------ Dataset excerpt ------
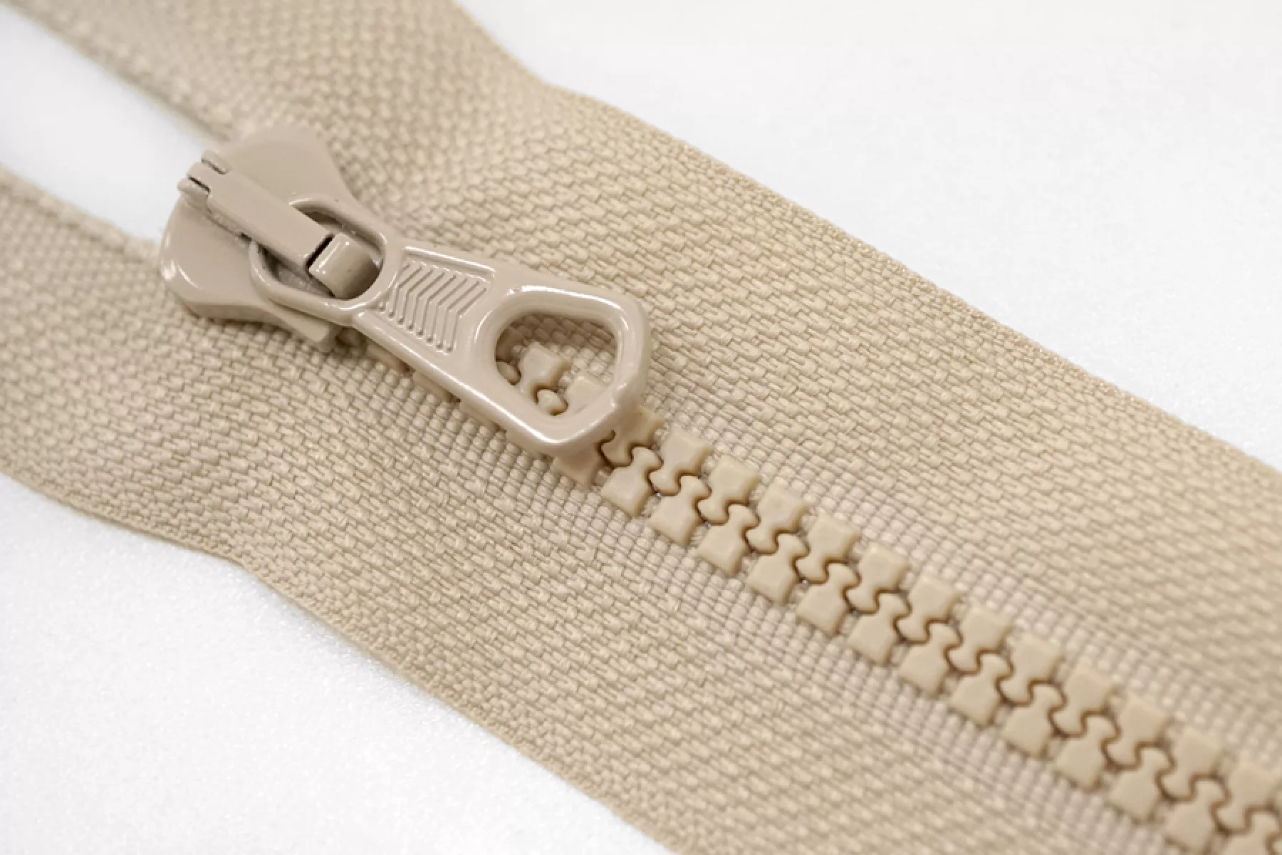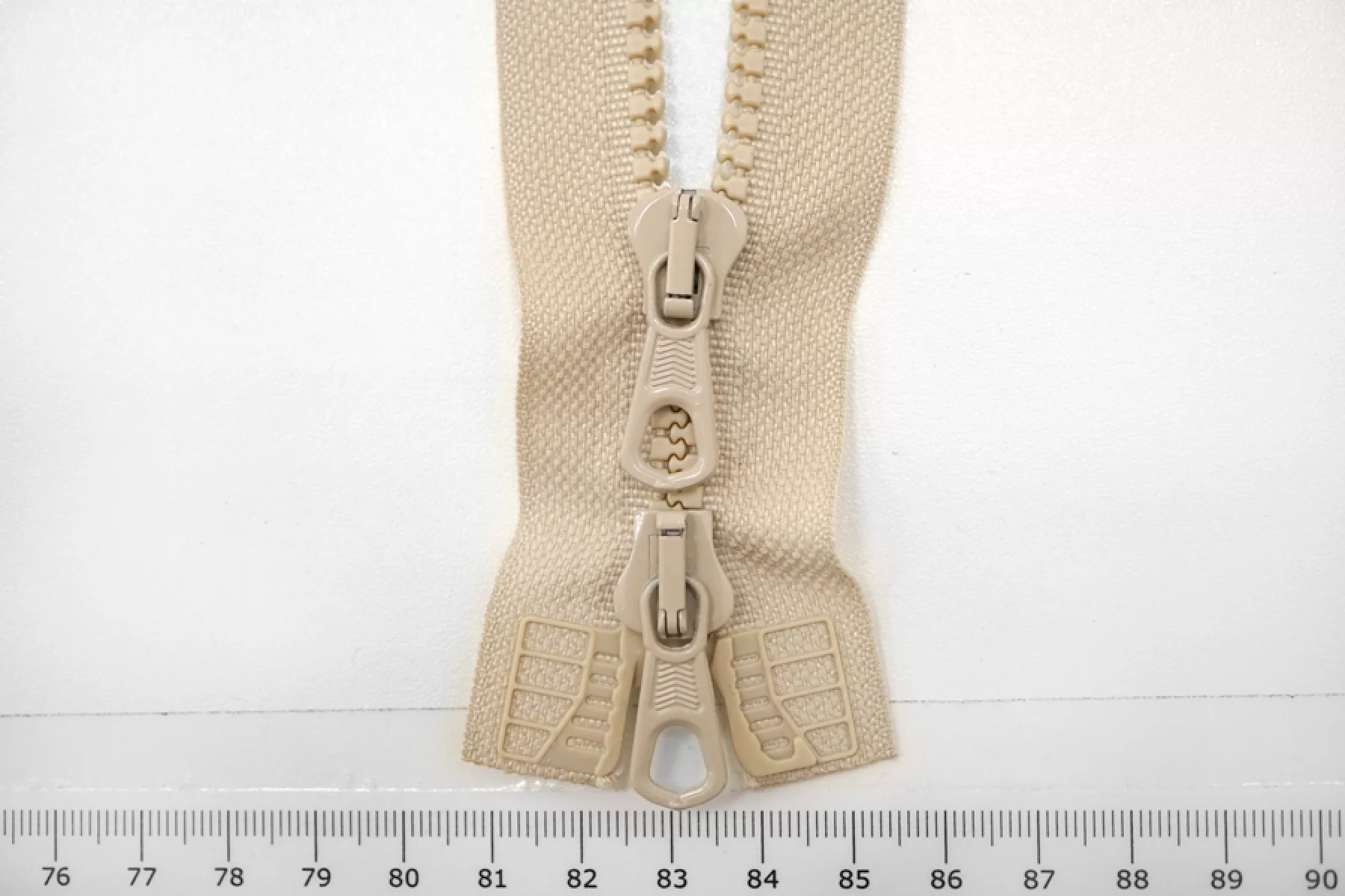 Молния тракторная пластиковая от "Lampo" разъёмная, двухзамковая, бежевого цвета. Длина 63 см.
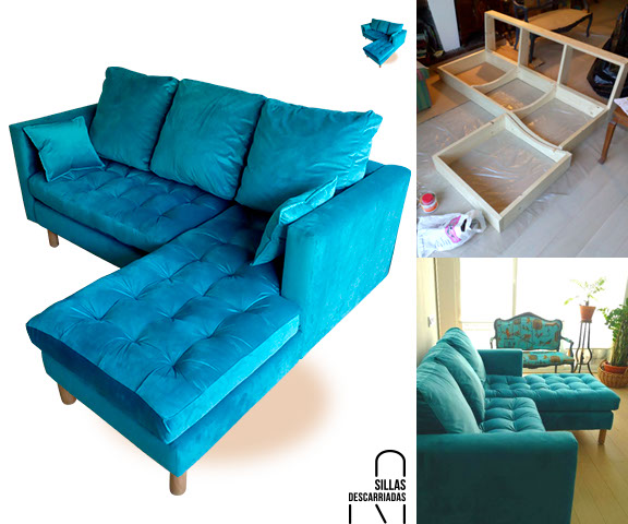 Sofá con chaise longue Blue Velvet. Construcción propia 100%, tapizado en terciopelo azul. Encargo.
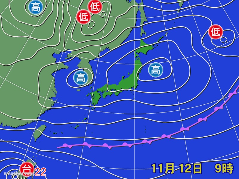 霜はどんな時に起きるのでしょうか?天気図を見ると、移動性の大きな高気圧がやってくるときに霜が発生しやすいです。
------
What needs to be done
Your task is an exact transcription of all the data, minus the pictures.

Answer space
 Молния тракторная пластиковая от "Lampo" разъёмная, двухзамковая, бежевого цвета. Длина 63 см.
 Sofá con chaise longue Blue Velvet. Construcción propia 100%, tapizado en terciopelo azul. Encargo.
 霜はどんな時に起きるのでしょうか?天気図を見ると、移動性の大きな高気圧がやってくるときに霜が発生しやすいです。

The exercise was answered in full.